Your assignment:
When the line containing "男性向けラノベタイトル風あだ名 | 『リュウリュウアートオンライン』 |" appears in the entries below, begin printing there and stop after the line containing "11月13日,在黑河市疫情防"; print each of those lines exactly and no other line.
##### Information provided #####
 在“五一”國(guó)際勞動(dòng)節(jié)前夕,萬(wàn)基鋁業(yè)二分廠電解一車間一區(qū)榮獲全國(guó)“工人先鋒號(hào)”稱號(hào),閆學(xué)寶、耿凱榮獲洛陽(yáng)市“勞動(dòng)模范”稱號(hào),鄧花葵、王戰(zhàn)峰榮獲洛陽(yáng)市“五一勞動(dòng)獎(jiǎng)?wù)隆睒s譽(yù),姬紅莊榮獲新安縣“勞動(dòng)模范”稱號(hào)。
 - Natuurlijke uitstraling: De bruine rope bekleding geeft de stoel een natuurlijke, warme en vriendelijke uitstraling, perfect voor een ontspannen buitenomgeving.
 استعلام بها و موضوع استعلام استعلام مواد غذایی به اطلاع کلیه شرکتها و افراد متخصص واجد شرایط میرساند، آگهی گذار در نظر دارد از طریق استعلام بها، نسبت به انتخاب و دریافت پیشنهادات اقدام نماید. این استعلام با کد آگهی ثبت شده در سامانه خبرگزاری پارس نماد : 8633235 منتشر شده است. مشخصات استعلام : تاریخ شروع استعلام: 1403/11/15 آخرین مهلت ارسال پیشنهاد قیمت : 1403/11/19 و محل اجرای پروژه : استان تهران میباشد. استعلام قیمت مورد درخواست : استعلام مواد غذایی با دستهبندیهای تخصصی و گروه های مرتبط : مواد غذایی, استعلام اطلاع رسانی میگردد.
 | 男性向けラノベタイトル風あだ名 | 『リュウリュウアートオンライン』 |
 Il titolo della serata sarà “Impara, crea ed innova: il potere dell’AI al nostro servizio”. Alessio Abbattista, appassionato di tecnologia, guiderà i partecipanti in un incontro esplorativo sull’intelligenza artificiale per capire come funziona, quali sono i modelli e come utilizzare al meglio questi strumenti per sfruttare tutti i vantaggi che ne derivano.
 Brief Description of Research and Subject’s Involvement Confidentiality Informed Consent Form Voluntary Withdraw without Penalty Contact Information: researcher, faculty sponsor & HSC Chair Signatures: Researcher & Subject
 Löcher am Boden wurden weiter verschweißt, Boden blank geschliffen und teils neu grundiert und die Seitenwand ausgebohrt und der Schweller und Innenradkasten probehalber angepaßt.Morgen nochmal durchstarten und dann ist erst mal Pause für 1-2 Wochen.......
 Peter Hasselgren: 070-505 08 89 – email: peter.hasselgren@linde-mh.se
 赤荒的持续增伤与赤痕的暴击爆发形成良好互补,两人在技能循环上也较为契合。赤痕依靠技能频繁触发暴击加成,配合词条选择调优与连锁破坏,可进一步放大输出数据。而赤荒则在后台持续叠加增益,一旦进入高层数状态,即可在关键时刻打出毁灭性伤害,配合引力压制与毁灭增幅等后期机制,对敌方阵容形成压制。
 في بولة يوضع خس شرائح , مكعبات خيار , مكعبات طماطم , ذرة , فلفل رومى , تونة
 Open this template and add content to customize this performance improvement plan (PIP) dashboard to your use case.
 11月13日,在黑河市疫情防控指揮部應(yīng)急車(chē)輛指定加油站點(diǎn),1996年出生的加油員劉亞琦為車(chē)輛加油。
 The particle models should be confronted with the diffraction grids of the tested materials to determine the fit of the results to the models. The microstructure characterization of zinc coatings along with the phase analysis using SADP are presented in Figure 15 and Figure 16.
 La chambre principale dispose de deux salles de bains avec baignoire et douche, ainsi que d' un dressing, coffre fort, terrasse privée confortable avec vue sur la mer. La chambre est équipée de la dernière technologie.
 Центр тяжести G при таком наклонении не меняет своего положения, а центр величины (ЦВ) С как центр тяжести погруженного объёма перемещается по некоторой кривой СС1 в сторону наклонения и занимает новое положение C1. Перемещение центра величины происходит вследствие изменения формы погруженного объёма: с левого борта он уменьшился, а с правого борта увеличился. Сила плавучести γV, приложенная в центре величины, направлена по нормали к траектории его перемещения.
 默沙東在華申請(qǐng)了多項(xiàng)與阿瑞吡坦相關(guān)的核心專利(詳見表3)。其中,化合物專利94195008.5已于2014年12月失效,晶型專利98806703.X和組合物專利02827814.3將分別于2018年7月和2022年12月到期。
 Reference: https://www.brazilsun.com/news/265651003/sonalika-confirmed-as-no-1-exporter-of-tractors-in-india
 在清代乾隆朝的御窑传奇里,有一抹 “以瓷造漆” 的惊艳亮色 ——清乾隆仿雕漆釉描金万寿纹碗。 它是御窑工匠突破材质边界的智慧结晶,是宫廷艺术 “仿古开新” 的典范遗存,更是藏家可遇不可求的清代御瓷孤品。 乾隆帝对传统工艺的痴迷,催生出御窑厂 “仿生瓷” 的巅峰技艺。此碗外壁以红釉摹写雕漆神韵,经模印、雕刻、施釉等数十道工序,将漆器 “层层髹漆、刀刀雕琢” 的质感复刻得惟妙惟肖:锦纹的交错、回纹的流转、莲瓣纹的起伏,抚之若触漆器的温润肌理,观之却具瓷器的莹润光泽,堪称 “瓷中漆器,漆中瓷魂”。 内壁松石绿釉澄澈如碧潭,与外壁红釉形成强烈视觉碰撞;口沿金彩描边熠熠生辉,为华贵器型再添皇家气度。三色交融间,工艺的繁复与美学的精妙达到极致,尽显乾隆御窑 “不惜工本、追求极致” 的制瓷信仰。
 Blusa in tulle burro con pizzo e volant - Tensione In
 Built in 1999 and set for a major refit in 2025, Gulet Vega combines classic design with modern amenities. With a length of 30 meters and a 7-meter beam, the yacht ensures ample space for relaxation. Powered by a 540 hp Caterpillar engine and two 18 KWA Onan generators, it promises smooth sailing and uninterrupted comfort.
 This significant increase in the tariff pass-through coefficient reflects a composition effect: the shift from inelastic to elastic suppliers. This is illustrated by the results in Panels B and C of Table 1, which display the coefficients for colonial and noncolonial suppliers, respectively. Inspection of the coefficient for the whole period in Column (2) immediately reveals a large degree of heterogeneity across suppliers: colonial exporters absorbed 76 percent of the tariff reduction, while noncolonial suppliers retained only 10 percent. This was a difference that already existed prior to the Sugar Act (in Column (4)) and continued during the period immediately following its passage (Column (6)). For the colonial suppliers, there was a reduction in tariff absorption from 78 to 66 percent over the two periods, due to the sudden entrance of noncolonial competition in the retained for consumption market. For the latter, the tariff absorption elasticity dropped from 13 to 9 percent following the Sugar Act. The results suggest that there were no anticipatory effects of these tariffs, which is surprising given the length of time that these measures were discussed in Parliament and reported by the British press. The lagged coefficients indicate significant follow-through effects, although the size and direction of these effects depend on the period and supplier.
#####
Task response:
 | 男性向けラノベタイトル風あだ名 | 『リュウリュウアートオンライン』 |
 Il titolo della serata sarà “Impara, crea ed innova: il potere dell’AI al nostro servizio”. Alessio Abbattista, appassionato di tecnologia, guiderà i partecipanti in un incontro esplorativo sull’intelligenza artificiale per capire come funziona, quali sono i modelli e come utilizzare al meglio questi strumenti per sfruttare tutti i vantaggi che ne derivano.
 Brief Description of Research and Subject’s Involvement Confidentiality Informed Consent Form Voluntary Withdraw without Penalty Contact Information: researcher, faculty sponsor & HSC Chair Signatures: Researcher & Subject
 Löcher am Boden wurden weiter verschweißt, Boden blank geschliffen und teils neu grundiert und die Seitenwand ausgebohrt und der Schweller und Innenradkasten probehalber angepaßt.Morgen nochmal durchstarten und dann ist erst mal Pause für 1-2 Wochen.......
 Peter Hasselgren: 070-505 08 89 – email: peter.hasselgren@linde-mh.se
 赤荒的持续增伤与赤痕的暴击爆发形成良好互补,两人在技能循环上也较为契合。赤痕依靠技能频繁触发暴击加成,配合词条选择调优与连锁破坏,可进一步放大输出数据。而赤荒则在后台持续叠加增益,一旦进入高层数状态,即可在关键时刻打出毁灭性伤害,配合引力压制与毁灭增幅等后期机制,对敌方阵容形成压制。
 في بولة يوضع خس شرائح , مكعبات خيار , مكعبات طماطم , ذرة , فلفل رومى , تونة
 Open this template and add content to customize this performance improvement plan (PIP) dashboard to your use case.
 11月13日,在黑河市疫情防控指揮部應(yīng)急車(chē)輛指定加油站點(diǎn),1996年出生的加油員劉亞琦為車(chē)輛加油。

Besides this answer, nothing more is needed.